Cowell is said to have had the idea of turning “Footprints” into a song. Detractors of Cowell could choose to regard this as a cover story, concealing a revival of the old recording-industry practice of unethical horning-in on songwriter revenues by managers, executives, and other bigwigs. Even the official version of the story doesn’t really suggest that Cowell necessarily deserves a piece of the pie, technically.

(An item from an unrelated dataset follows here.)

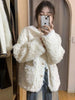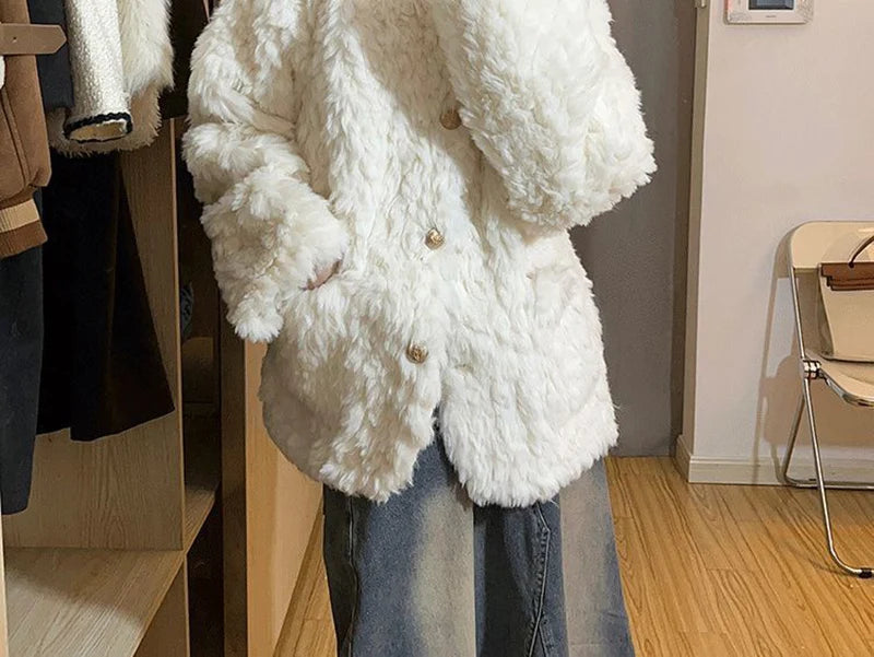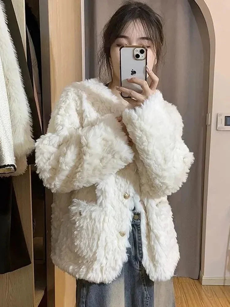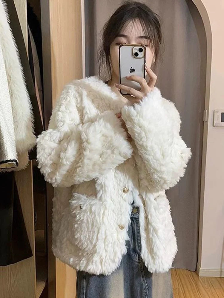 Lunivop Winter Sweet Korean Faux Lamb Coat Women Vintage Warm Thick Long Sleeve Cute Jacket Casual O Neck Pockets Elegant White Tops New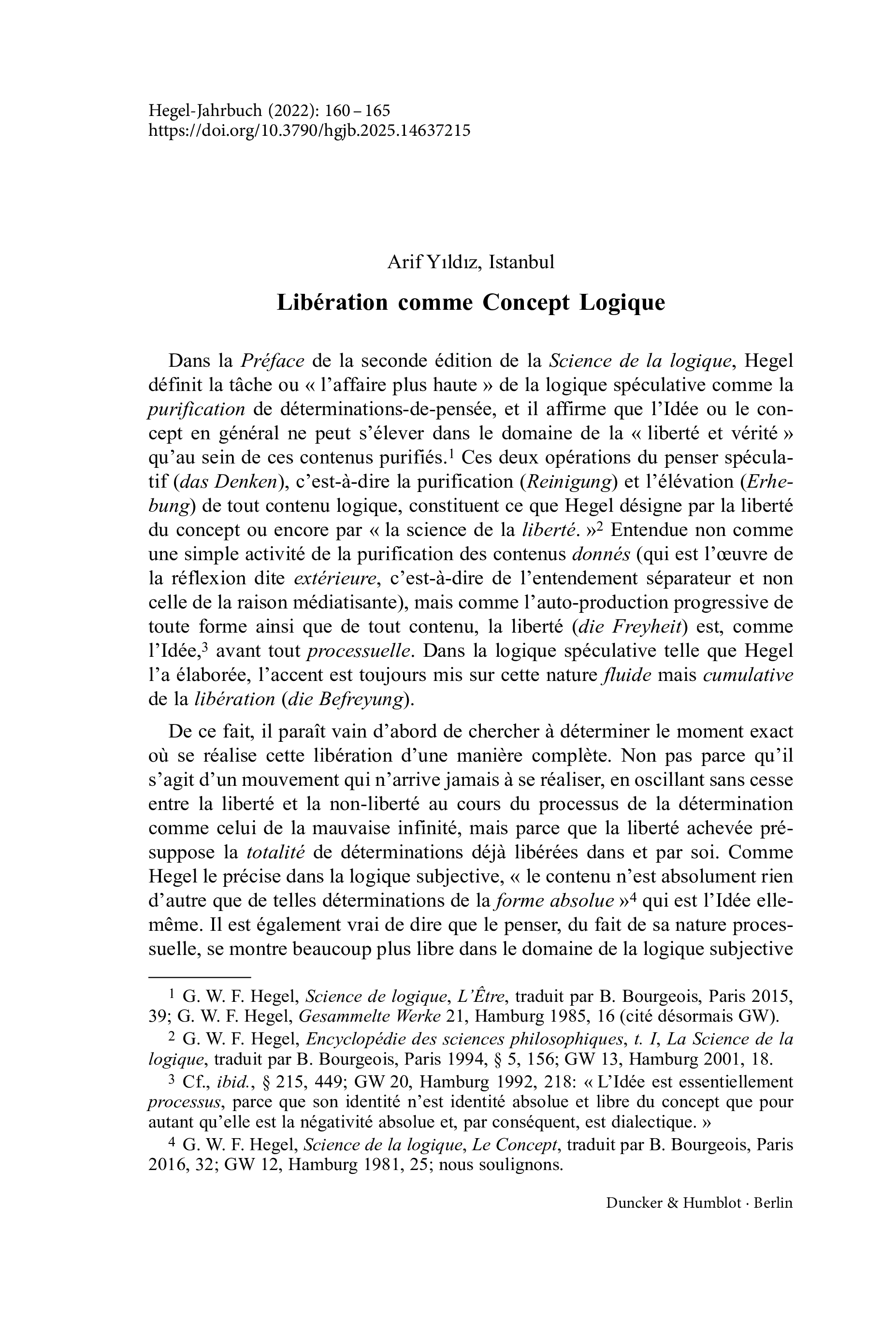 Hegel Jahrbuch, Vol. 2022 (2022), Iss. 1 : pp. 160–165 | First published online: November 14, 2025

But any ass who’s had a couple years of piano lessons—and, strictly speaking, even that’s not necessary—can write a middle eight. It takes a genius to see “Footprints” and hear the clanking of coin. For the purposes of hypothetical litigation, the poem was just lying there in the commons, waiting for someone to pick it up. Millions already love it. But surely it was Cowell who insisted on having the text transformed just the right amount—a subtle, difficult trick, if you think about it. The Page-Magnusson-Kreuger-Cowell “Footprints in the Sand” is wholly blasphemized; there is no Jesus in it at all, just the footprints themselves. The schmaltzy core is preserved without offering offence to those already familiar with the poem. Its audience is multiplied without limit by secularization, but Jesus people will still think of it as a Jesus song, since it’s performed asexually in a vaguely gospel-y style. They may never even notice that the Lord has hit the cutting room floor.
Combine these expert gymnastics with Cowell’s finishing move of forcing his intellectual property onto broadcasters, retailers, and record-buyers as a charity single—i.e., a loss leader that will pay dividends in the future, when the record is covered and sampled—and what you have is truly a command performance. Bravo, Simon, bravissimo. I begrudge you nary a penny.